Minggu, 13 Maret 2016 0 komentar

Hati Vs Logika


Mengapa hati seringkali tidak dapat memberikan ruang kemenangan terhadap logika?
Ketika perasaan terlibat di dalam perdebatan antara hati dan logika, kemenangan selalu saja berpihak pada hati. Mengapa demikian? Bukankah kata 'mengapa' mempunyai jawaban 'karena'? Lalu, sebenarnya apa jawaban dari kata 'mengapa' yang kupertanyakan?

Apakah logika tidak cukup kuat untuk mengalahkan hati?
Bukankah logika itu lebih pasti dan nyata dibandingkan dengan hati?

Sepemahamanku, hati lebih seringkali bimbang, ragu dan tidak memberi kepastian akan sebuah jawaban. Ia selalu saja membuat seseorang menjadi gelisah, ragu dan menimbang-nimbang atau bahkan lebih parahnya lagi, ia mampu membuat seseorang sampai meneteskan air mata yang sebenarnya tidak diinginkan kehadirannya.

Sementara logika, ia pasti. Ia sudah menjelaskan segalanya, menjelaskan tentang kenyataan. Pahit, ia katakan pahit. Sakit, ia katakan sakit.

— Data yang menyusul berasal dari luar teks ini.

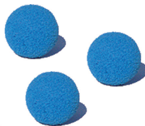
P/N 15-020 Ball Cleaning Kit

Ia tidak pernah berbohong.
Tapi bagaimanakah dengan hati? Ia seringkali berbohong. Sesuatu yang sebenarnya pahit, ia katakan manis. Apabila ia sakit, ia katakan bahwa ia baik-baik saja. Dan ia melibatkan wajah untuk bekerja sama dengannya. Agar kebohongan itu semakin terlihat sempurna.

Lalu siapakah yang seharusnya menang? Jelas logika bukan? Namun bagaimana kenyataannya?

Mengapa hati seringkali tidak dapat memberikan ruang kemenangan terhadap logika?